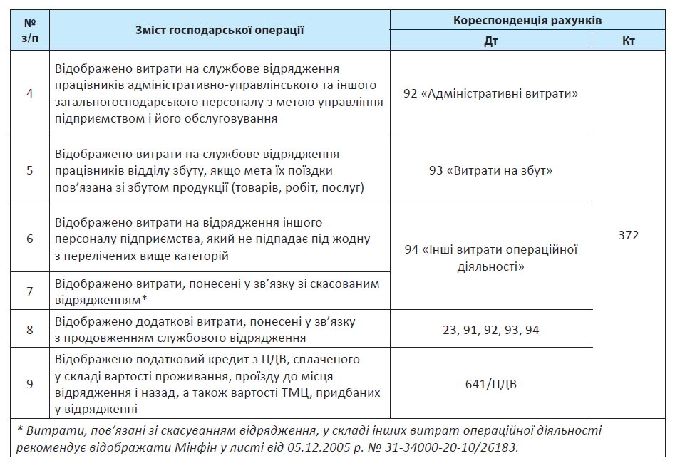 - Для обліку розрахунків з відрядженими працівниками використовують субрахунок 372.
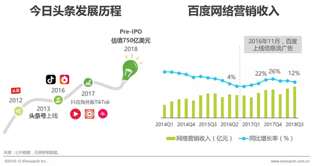 信息流广告的巨头之争 今日头条的先发优势和百度的“二次生长” 信息流广告硝烟弥漫,今日头条、百度和腾讯成为第一梯队的三大玩家,而18年初的“百头大战”显示巨头混战再度升级。 对比来看,今日头条信息流广告起步早,且内容分发矩阵构建完全;而百度从搜索到“搜索+信息流”双引擎的及时转型,使其网络营销收入增速开始回升,2018Q3仍保持12%的同比增速,其中信息流即是营收增速的一大亮点。
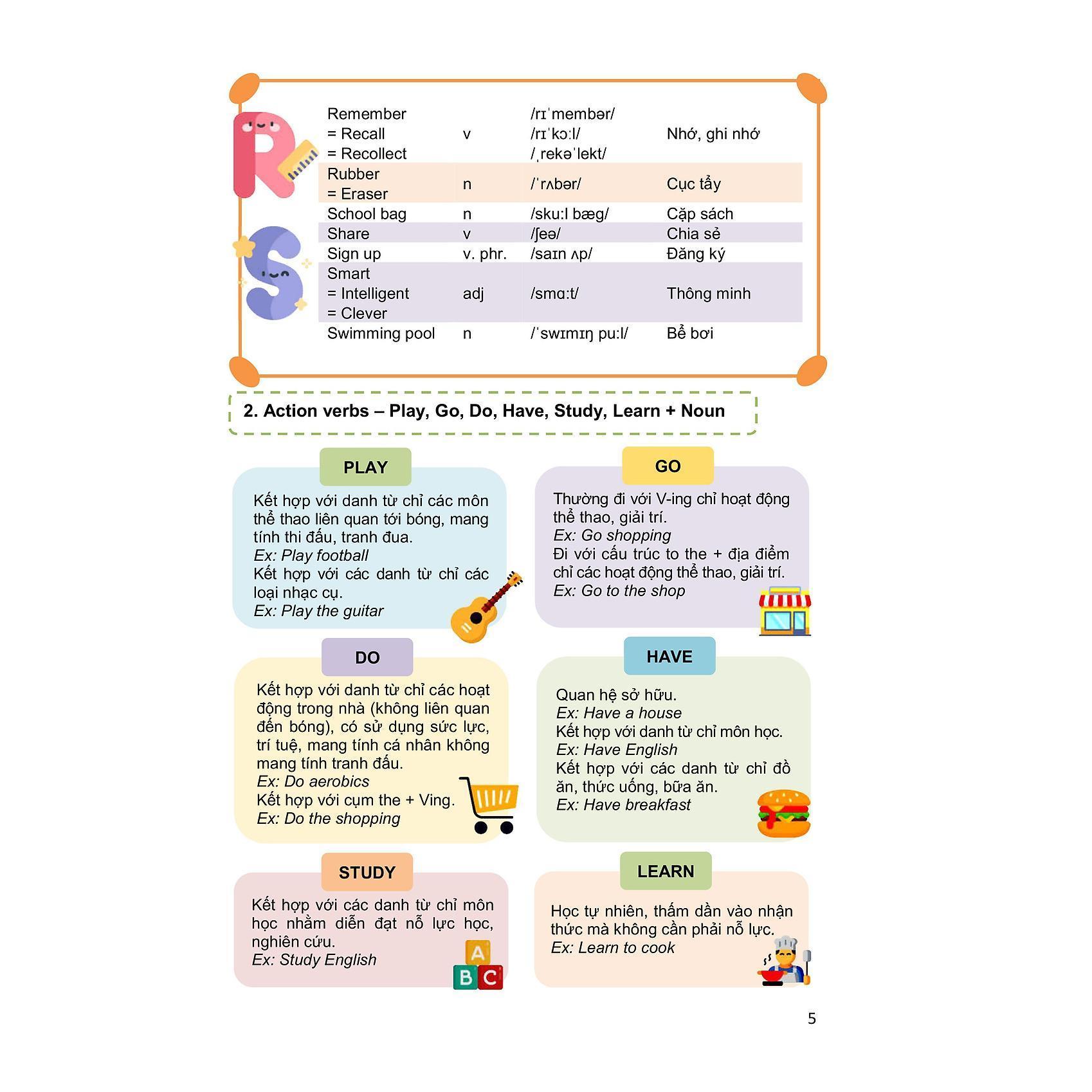 Mỗi bài gồm 4 mục: Kiến thức cơ bản: hệ thống những kiến thức cần thiết nhất mà các em phải nắm vững.. Sai lầm cần tránh lưu ý các em những lỗi
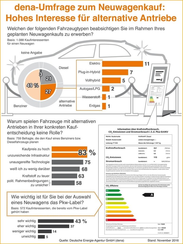 Raziskava, ki jo je za Nemško agencijo za energetiko (Deutschen Energie-Agentur) izvedlo podjetje TNS Emnid, je razkrila da postajajo alternativno gnana vozila čedalje bolj privlačna za kupce novih avtomobilov, ker je skupni delež (27 %) sodelujočih v tej raziskavi, ki bi si v bližnji bodočnosti kupili avtomobil s pogonom na CNG/LPG plin (3 %), vodik (1 %), elektriko (11 %) ali pa hibridno vozilo (12 %), že presegel delež (21 %) morebitnih kupcev novih dizelsko gnanih avtomobilov. Največ vprašanih Nemcev in Nemk (49 %) pa še vedno prisega na nakup novih bencinsko gnanih avtomobilov.
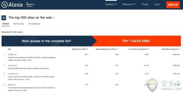安全分析师们找到的其中一条捷径,就是自动化从已有安全列表构建白名单的过程。管理白名单是件特别耗时的事,在分析师待办事项中堆积有其他调查时,还会成为一种干扰。然而,我们发现,利用已有列表组建白名单,可能意味着让你的公司对漏洞门户大开。 Awake Security的安全团队最近仔细审查了一个看起来良性的列表——世界站点排名网站Alexa前100万域名列表,意图评估该列表是否适用于构建白名单。尽管Alexa列表并非为白名单设计,很多安全团队就将之视为逻辑上的起始点。最常被访问的网站不危险,似乎是挺有道理的想法。在调查中,这些网站也确实会被自动认为是安全的。
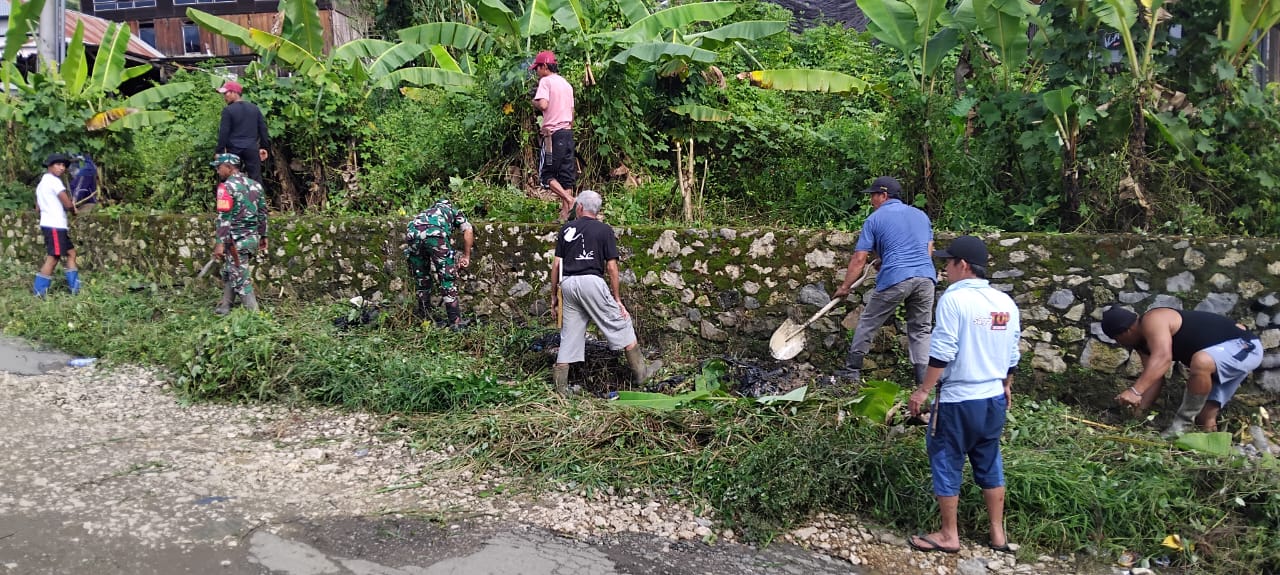 Wujudkan Hidup Sehat, Personil Koramil 03/Baraka Bersama Warga Bersihkan Selokan
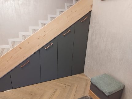 Sistem de depozitare sub scară – funcționalitate discretă, design integrat Acest sistem de depozitare cu acces deschis sub scară este
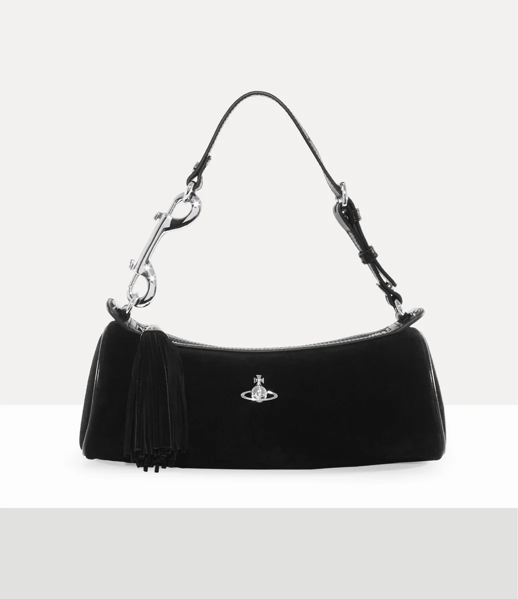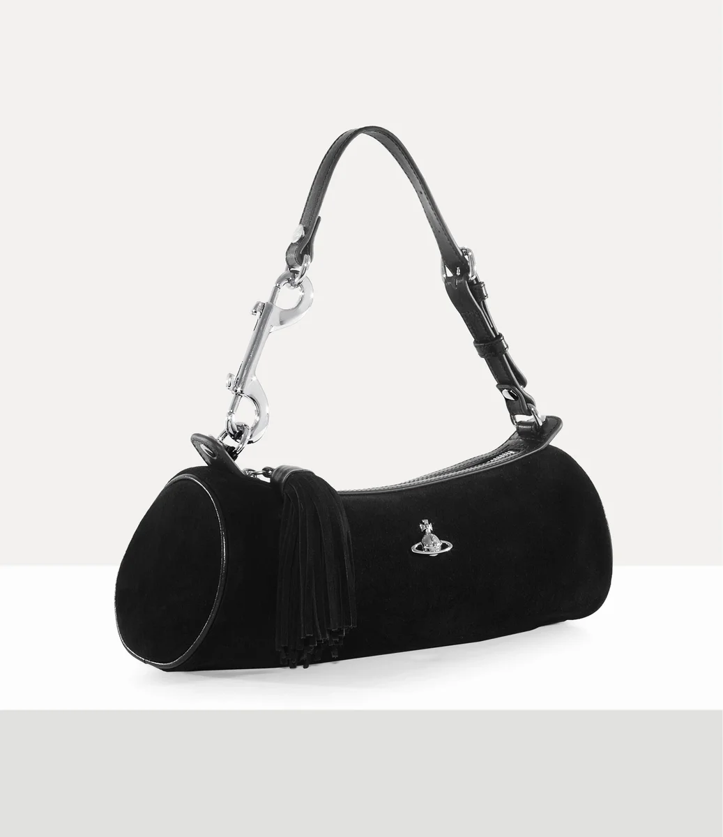 Le sac Cindy Cylinder de Vivienne Westwood est confectionné en cuir suédé souple et orné du globe en bas-relief emblématique de la marque sur le devant.
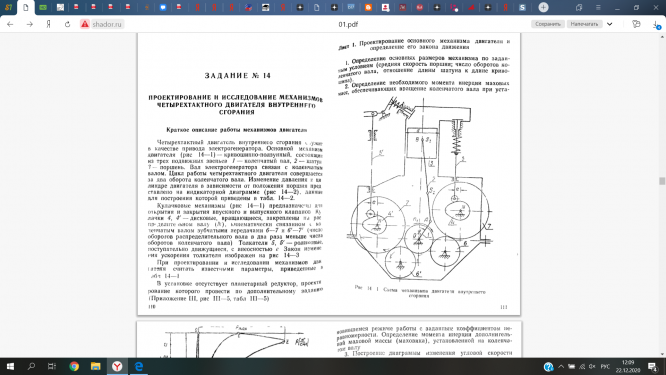 Курсовая работа 14: Проектирование и исследование механизмов четырехтактного двигателя внутреннего сгорания вариант Г

::::

Task item ▸ Begin at the first line of the entries and end at the line containing "Mỗi bài gồm": write out each line exactly, skipping pictures.

Answer space ▸
 - Для обліку розрахунків з відрядженими працівниками використовують субрахунок 372.
 信息流广告的巨头之争 今日头条的先发优势和百度的“二次生长” 信息流广告硝烟弥漫,今日头条、百度和腾讯成为第一梯队的三大玩家,而18年初的“百头大战”显示巨头混战再度升级。 对比来看,今日头条信息流广告起步早,且内容分发矩阵构建完全;而百度从搜索到“搜索+信息流”双引擎的及时转型,使其网络营销收入增速开始回升,2018Q3仍保持12%的同比增速,其中信息流即是营收增速的一大亮点。
 Mỗi bài gồm 4 mục: Kiến thức cơ bản: hệ thống những kiến thức cần thiết nhất mà các em phải nắm vững.. Sai lầm cần tránh lưu ý các em những lỗi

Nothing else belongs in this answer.